In Joan Didion’s brilliant and seminal 1967 essay ‘Goodbye to All That’, the then-Vogue junior staffer bade a forlorn adieu to New York City and headed back to her native California. ‘Goodbye to All That’ spawned a much imitated sub-genre within the 20-something personal essay: the writer leaving New York.

In his excellent piece for The New York Times, ‘The Long Goodbye‘, Alex Williams describes a revival of the form, as a new generation of pseudo-struggling young writers try to make it in the Big Apple, fail, then get out of town for good – but not before delivering their parting shot:

“The literature may be thin when it comes to ‘See ya, Chicago’ or ‘Later, Los Angeles’ odes, but ever since Ms. Didion set the standard 46 years ago, the ‘Goodbye New York’ essay has become a de rigueur career move for aspiring belle-lettrists, On first glance, contemporary entries to the genre tend to follow the same arc as Ms. Didion’s essay. Basically, it is a classic femme (or homme) fatale story, with New York as siren, New York as lover-substitute, an eight-million-headed stand-in for those sexy bad-news types we all fall for, to our peril, when we are young.”

And here’s where Williams hits the nail on the battered head: “By framing the relationship as a love affair, it makes the inevitable breakup with the literary capital seem less like a career failure than a coming to the senses after a youthful infatuation.”
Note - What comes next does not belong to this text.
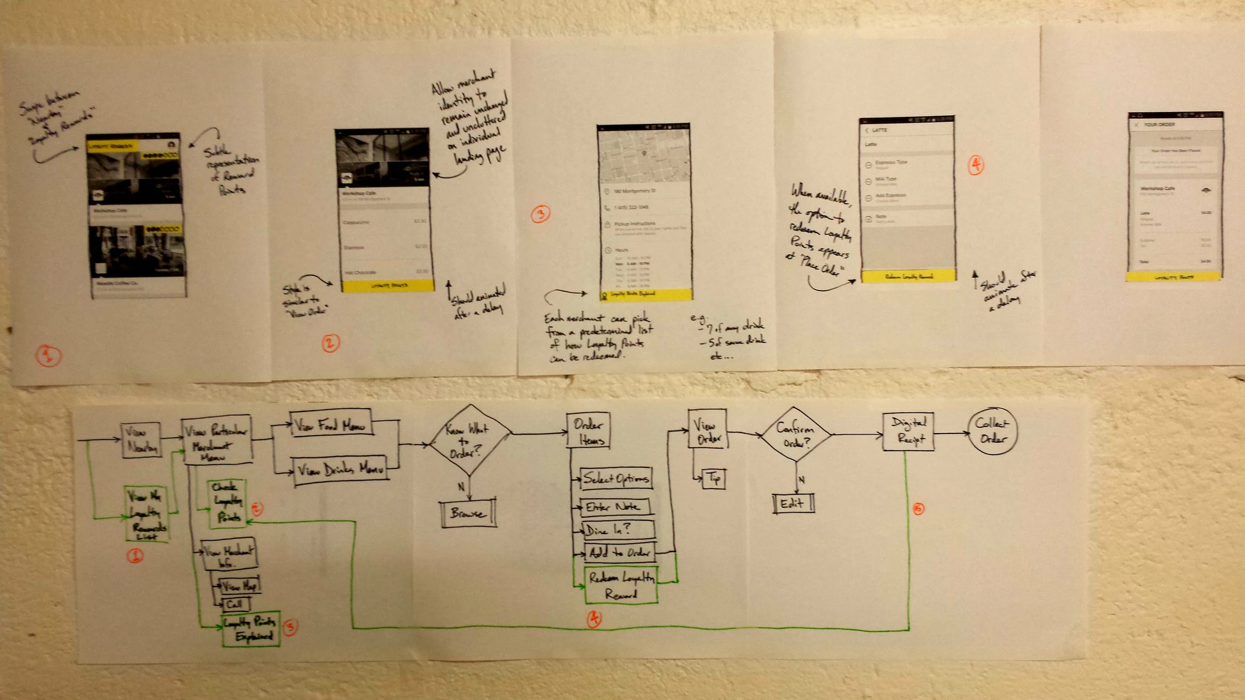 Since the task flows could be varied based on location and were presenting multiple opportunities to incorporate my proposed feature, I moved to a more iterative medium for visual representation. By creating the flow with post-its on the wall, I was able to create different customer experiences extremely quickly and not develop attachments to certain solutions. This was a major step in understanding how the flow could develop.

He tallies the recent rash of treatises slavishly repeating that same single note: Ann Friedman’s ‘Why I’m Glad I Quit New York at Age 24‘ in New York Magazine, Cord Jefferson’s ‘I Used to Love Her, But I Had to Flee Her: On Leaving New York‘ in Gawker, Christopher Soloman’s ‘Goodbye, New York. Thanks For Breaking My Heart‘ in The New York Times, Andrew Sullivan’s ‘So long, New York, my suffocating, selfish mistress, I’m going home‘ for The Sunday Times.

These farewell missives are, quite frankly, reliably self-serving and sophomoric. Do these would-be writers and winsome bloggers come to New York to truly live here, to try to belong – or simply to collect fodder for their own grandiose, and inevitable, Didion-esque exit essay?

Not long ago, I might have written my own ‘Goodbye New York’ essay. My career had hit a wall. I was broke, restless, bitter, discontented. I looked around for other gigs in other cities: LA, San Francisco, Austin, Nashville, Boston, Chicago, Seattle, Portland, even London or Sydney; a new life, a new start, an easier road to carve out than Broadway. But something kept me here. If you can make it in New York, they say, you can make it anywhere. But if you can’t make it in New York, don’t cry about it. So I didn’t leave. I’m glad I didn’t quit New York at 24. I adore Joan Didion, but her New York isn’t mine.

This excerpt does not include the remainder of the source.